Namaz kılanın önünden geçmenin günah olduğu yer, büyük câmilerde ve açık arazilerde namaz kılanın, ayaklarından itibaren secde ettiği yere kadar olan kısımdır. Küçük camilerde namaz kılanla onun önünden geçen arasında, direk, insan gibi bir engel bulunmazsa, namaz kılanın önünden nereden geçilirse mekruh olur.
Esasen namaz kılan kimsenin, önünden geçilme ihtimali varsa, bir sütre edinmesi sünnettir.
Küçük çocuk mükellefiyet yaşının altındaysa, zaten bundan veya başka bir günahtan dolayı sorumluluğu yoktur.

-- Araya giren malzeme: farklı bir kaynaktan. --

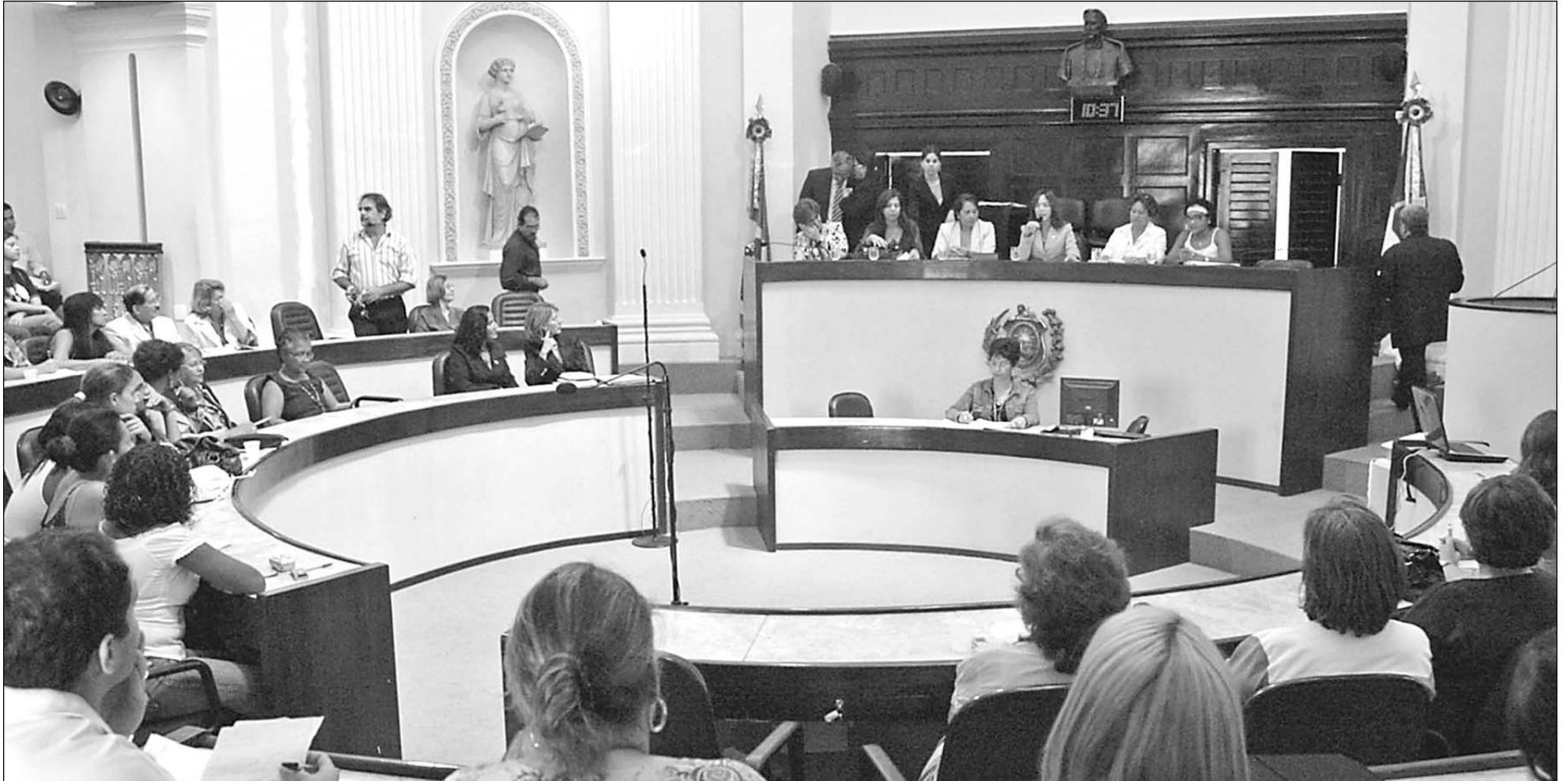
AUDIÊNCIA - Em março, no Plenário, foi lançado o Cordel Lição da Penha, que traduz, em linguagem popular, a Lei nº 11.340/06, conhecida como Lei Maria da Penha

Sütre, önü açık bir yerde namaz kılan kimsenin gelip geçene siper olmak üzere ön tarafına koyduğu şeydir. Sütre, en az bir arşın (70 cm. kadar) bir yükseklikte olmalıdır. Namaza durmuşsa, sütre kullanması sünnettir.
Sütre edinilen şey bir sütun, bir ağaç veya yere dikilmiş bir değnek, sandalye v.s. gibi yüksekliği olan herhangi bir şey olabilir. Hadîs-i şerîfte "bir ok ile de olsa sütre yapılması" emredilmiştir.
Yer sert olup değneği dikmek mümkün değilse, uzunluğuna bırakılır. Sütre olarak kullanacak hiçbir şey bulunamadığı takdirde ise, namaz kılan kimse, önüne, uzunlamasına bir çizgi çizer. Hilâl gibi kavisli de çizilebilir. Maksad onun arkasında olan şeylere bakıp da kalbini meşgul etmemektir.
Yere serilen seccade, yere çizilmiş olan çizgiden daha fazla önünden geçmeğe mâni olduğu için, sütre yerine de geçer.
İbn-i Âbidîn, önüne elbise veya kitabını koymayı da kâfi görür. Sütreyi dikmek, yatık koymaktan; yatık koymak da çizgiden evlâdır.
Erkek kısmı, önünden geçeni ikaz için okurken sesini yükseltebilir. Sadece "Sübhânallah" da diyebilir.
Namaz kılanın önünden geçilmesi, onun namazına zarar vermez. Ancak geçen kimse günahkâr olmuş olur. Cemaatle kılınan namazlarda, yalnız imamın önünde sütrenin bulunması kâfidir.